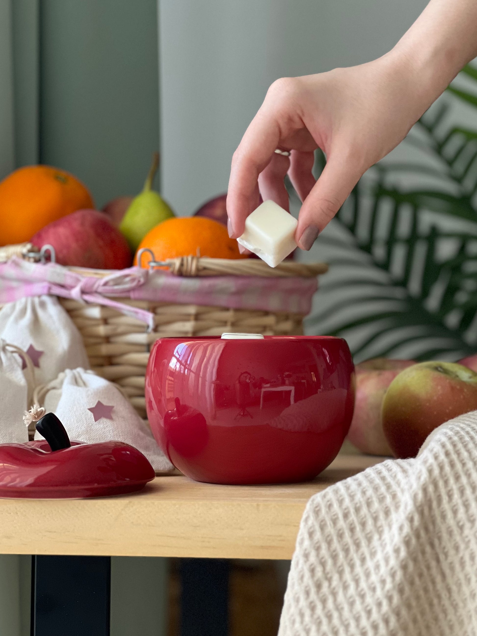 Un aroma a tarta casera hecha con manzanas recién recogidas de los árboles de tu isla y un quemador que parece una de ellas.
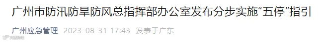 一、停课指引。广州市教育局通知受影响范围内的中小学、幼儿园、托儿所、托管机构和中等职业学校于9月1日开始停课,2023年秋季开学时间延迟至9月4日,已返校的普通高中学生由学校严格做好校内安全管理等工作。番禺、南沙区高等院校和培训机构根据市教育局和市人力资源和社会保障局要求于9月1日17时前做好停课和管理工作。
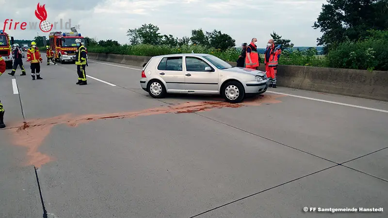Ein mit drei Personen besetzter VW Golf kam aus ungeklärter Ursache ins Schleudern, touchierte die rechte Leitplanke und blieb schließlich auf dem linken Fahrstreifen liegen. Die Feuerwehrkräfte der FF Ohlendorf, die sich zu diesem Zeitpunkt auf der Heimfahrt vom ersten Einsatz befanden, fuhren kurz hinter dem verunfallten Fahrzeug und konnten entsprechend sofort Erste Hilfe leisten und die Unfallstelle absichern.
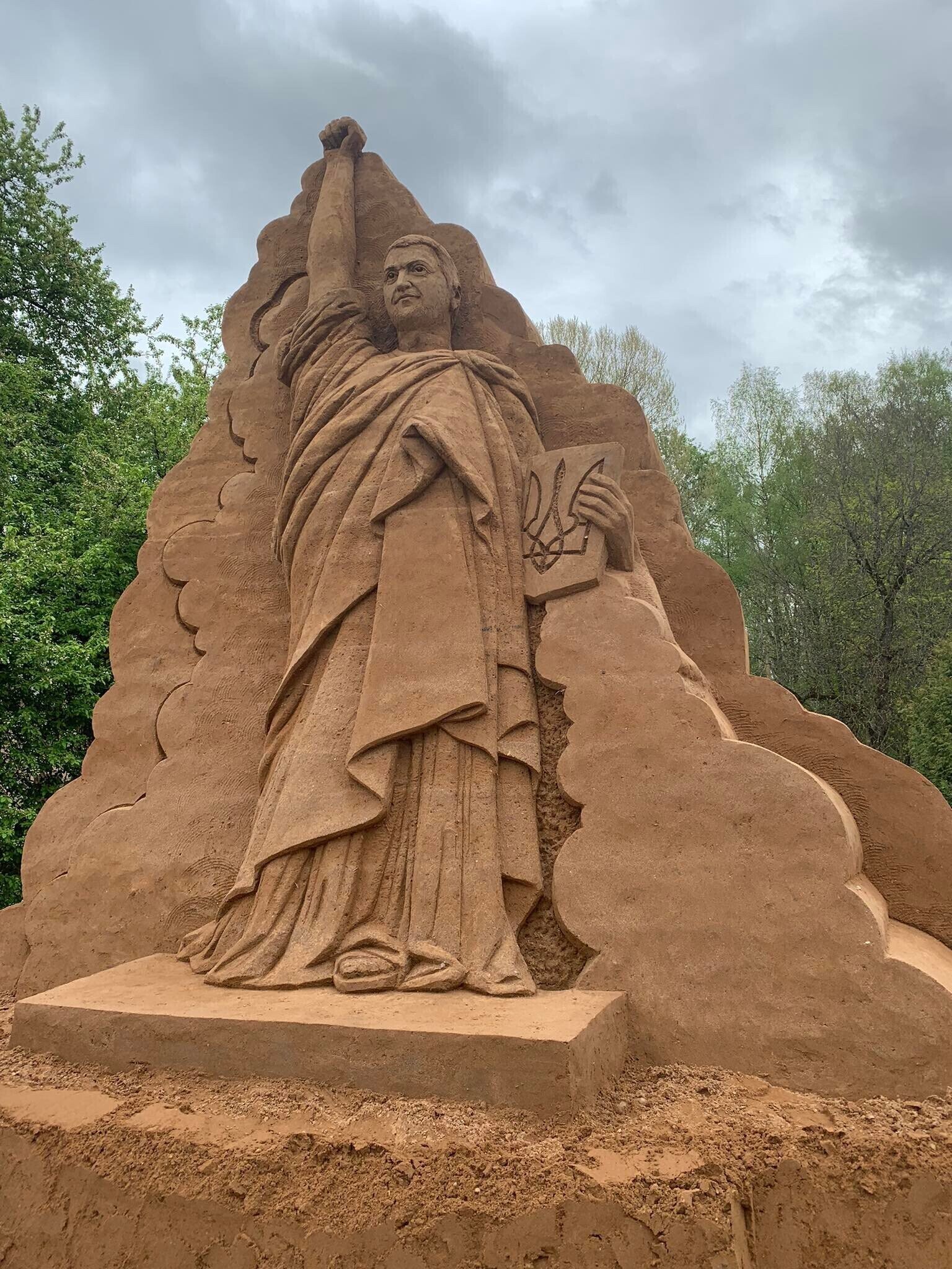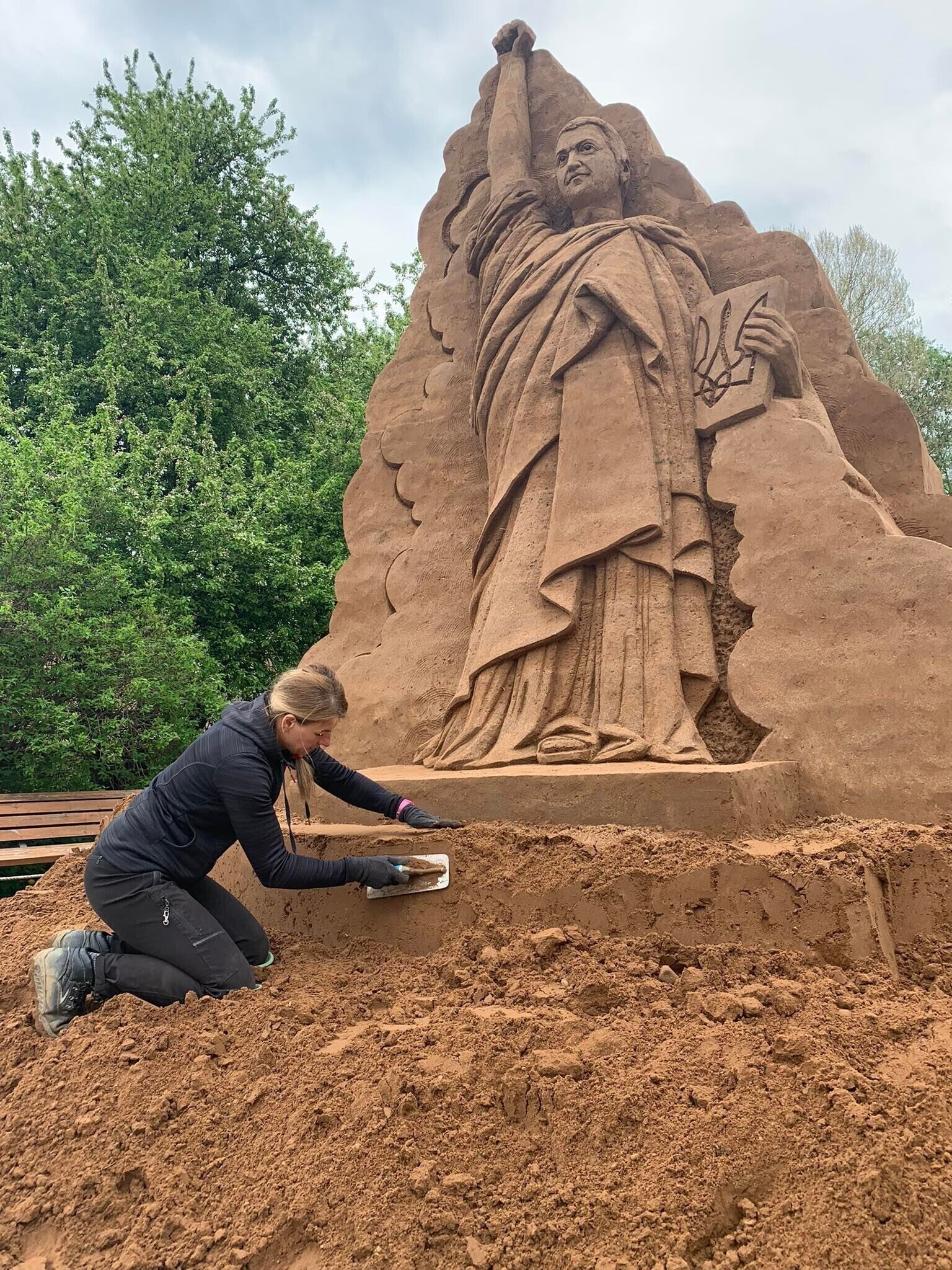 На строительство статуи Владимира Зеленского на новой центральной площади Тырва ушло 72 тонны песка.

- _What is being asked_
Take every line of the material and copy it exactly, leaving out the pictures.

- _Exercise output_
 Un aroma a tarta casera hecha con manzanas recién recogidas de los árboles de tu isla y un quemador que parece una de ellas.
 一、停课指引。广州市教育局通知受影响范围内的中小学、幼儿园、托儿所、托管机构和中等职业学校于9月1日开始停课,2023年秋季开学时间延迟至9月4日,已返校的普通高中学生由学校严格做好校内安全管理等工作。番禺、南沙区高等院校和培训机构根据市教育局和市人力资源和社会保障局要求于9月1日17时前做好停课和管理工作。
Ein mit drei Personen besetzter VW Golf kam aus ungeklärter Ursache ins Schleudern, touchierte die rechte Leitplanke und blieb schließlich auf dem linken Fahrstreifen liegen. Die Feuerwehrkräfte der FF Ohlendorf, die sich zu diesem Zeitpunkt auf der Heimfahrt vom ersten Einsatz befanden, fuhren kurz hinter dem verunfallten Fahrzeug und konnten entsprechend sofort Erste Hilfe leisten und die Unfallstelle absichern.
 На строительство статуи Владимира Зеленского на новой центральной площади Тырва ушло 72 тонны песка.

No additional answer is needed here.